** SOURCE MATERIAL follows **

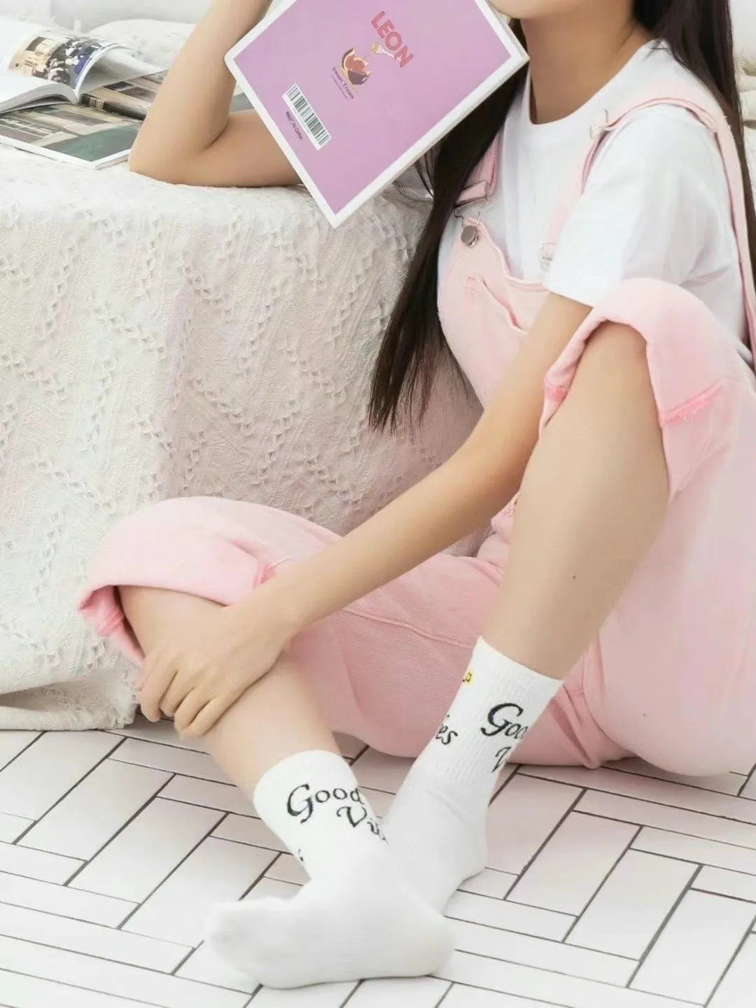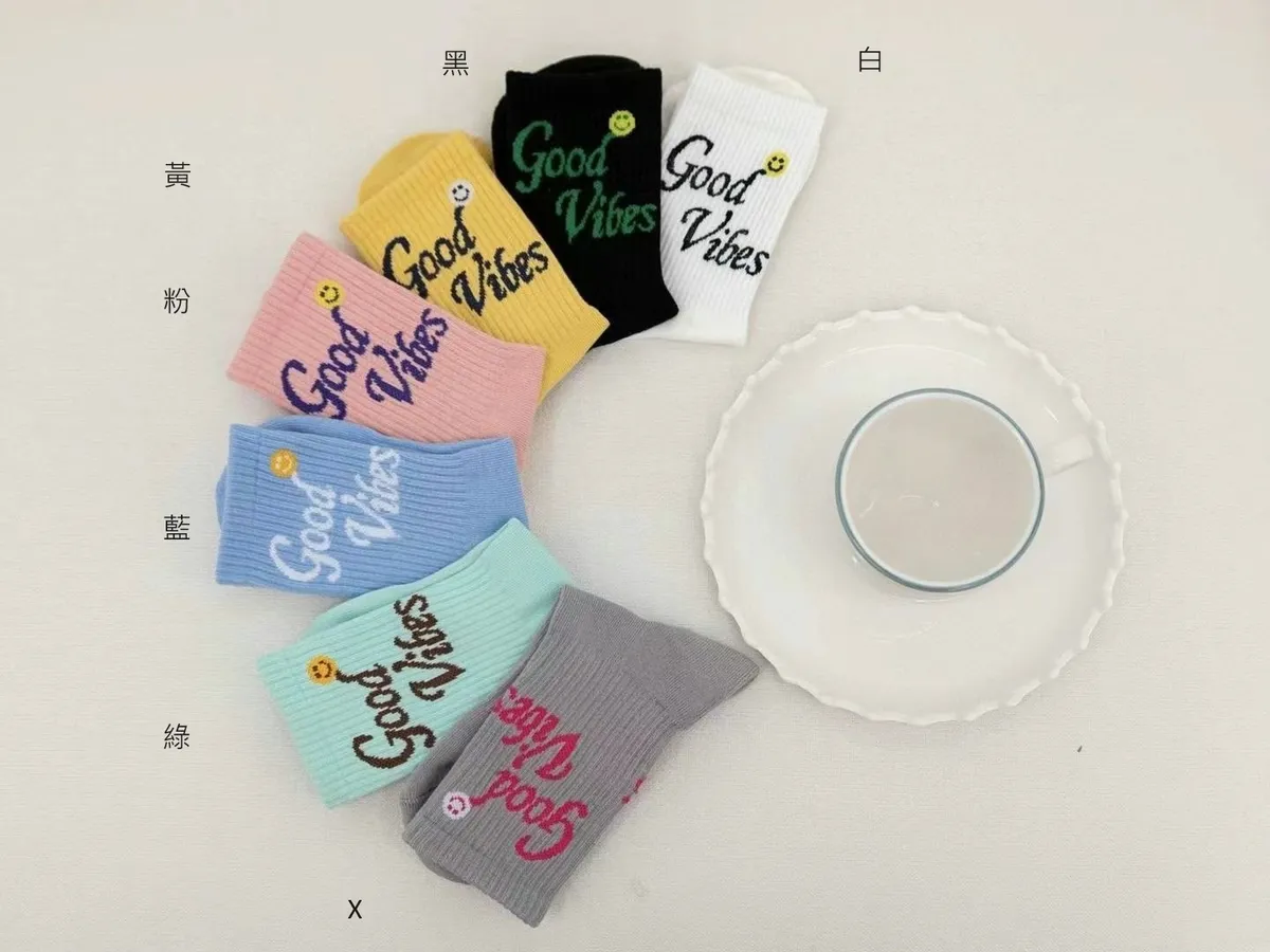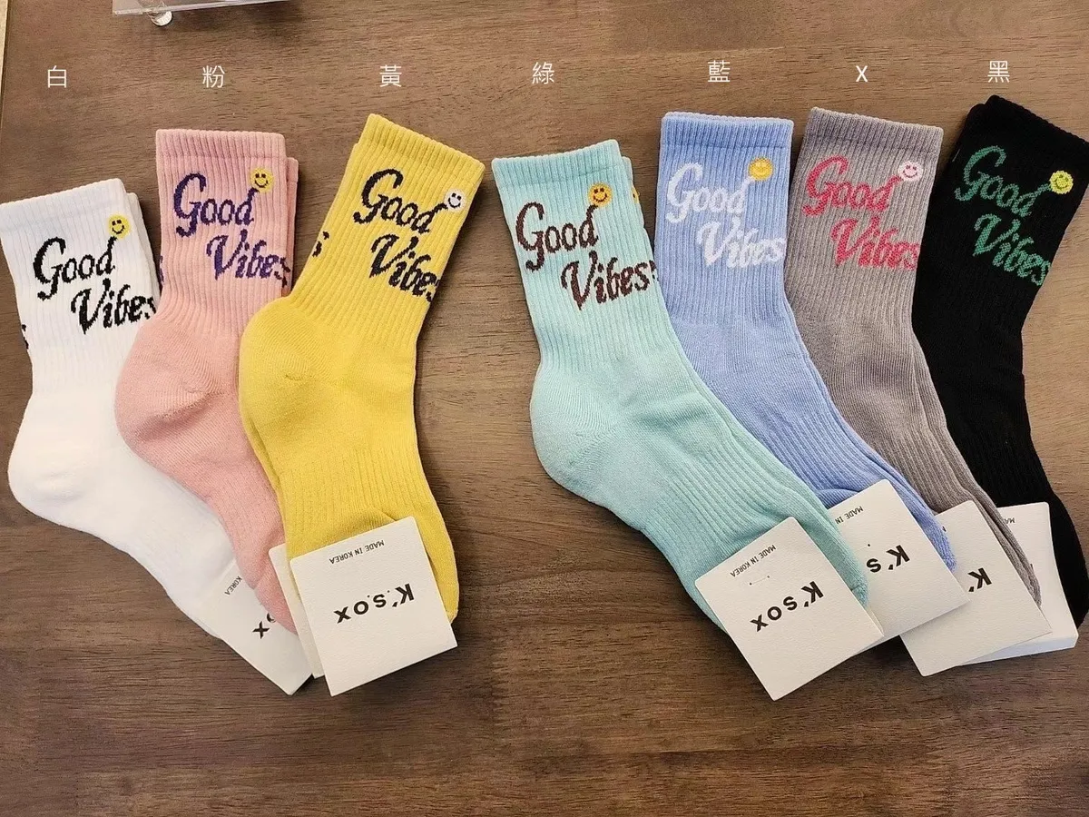 CM118加厚英文good vibe運動襪 白 黃 粉 黑 藍 綠 $77 包色$435
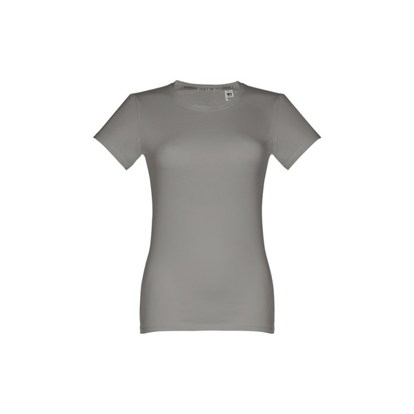 Dámske džersejové tričko priliehavého strihu zo 100% bavlny (190 g/m²). Farba 83: 90% bavlna a 10% viskóza. Tenký džersejový golier so saténovým rebrovaním. Dvojité prešitie na rukávoch a spodnom leme. Šité po stranách. Veľkosti: S, M, L, XL, XXL
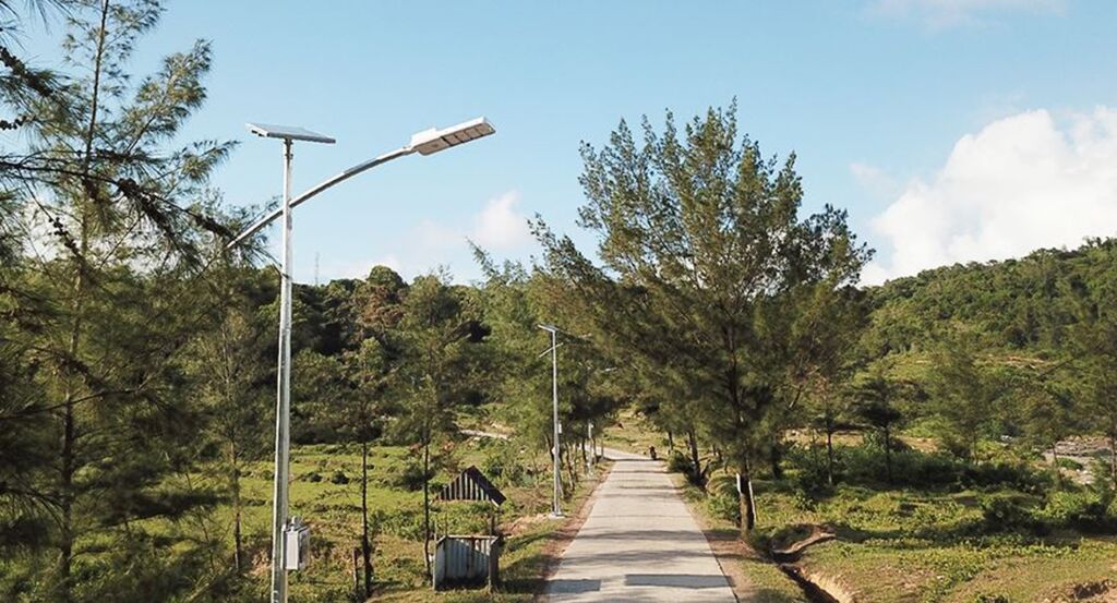 | Solar-powered streetlights from the lighting project are installed for testing along a road to Mong Rong rock beach in Co To island district, Quang Ninh province. (Photo: rangdong.com.vn) |
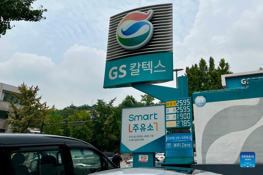 Photo taken on July 5, 2022 shows the price board at a gas station in Seoul, South Korea. South Korea's headline inflation hit the highest in nearly 24 years in June owing to surging energy prices and higher eating-out costs, statistical office data showed Tuesday. (Xinhua/Wang Yiliang)
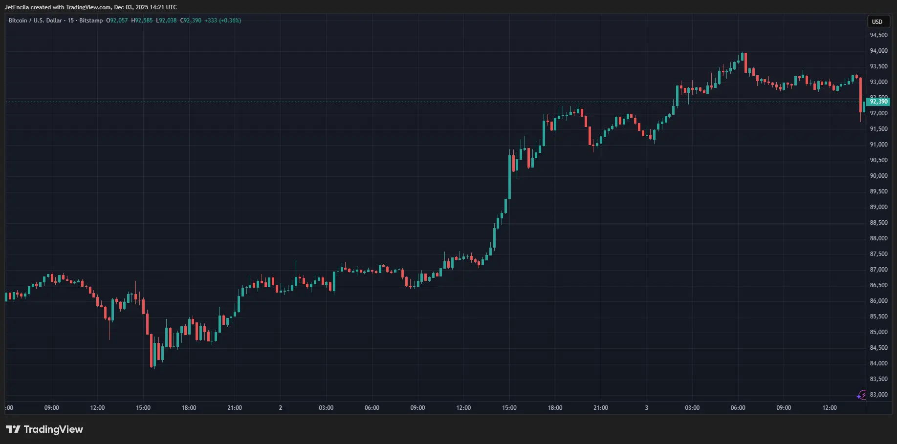 BTCUSD hiện đang giao dịch ở mức $92,390. Biểu đồ: TradingView

** End of SOURCE MATERIAL **

§ YOUR INSTRUCTIONS:
Begin with the line containing "Photo taken on", stop at the last line of the records above, and copy every line in between exactly, both ends included, with no pictures.

§ OUTPUT BELOW:
 Photo taken on July 5, 2022 shows the price board at a gas station in Seoul, South Korea. South Korea's headline inflation hit the highest in nearly 24 years in June owing to surging energy prices and higher eating-out costs, statistical office data showed Tuesday. (Xinhua/Wang Yiliang)
 BTCUSD hiện đang giao dịch ở mức $92,390. Biểu đồ: TradingView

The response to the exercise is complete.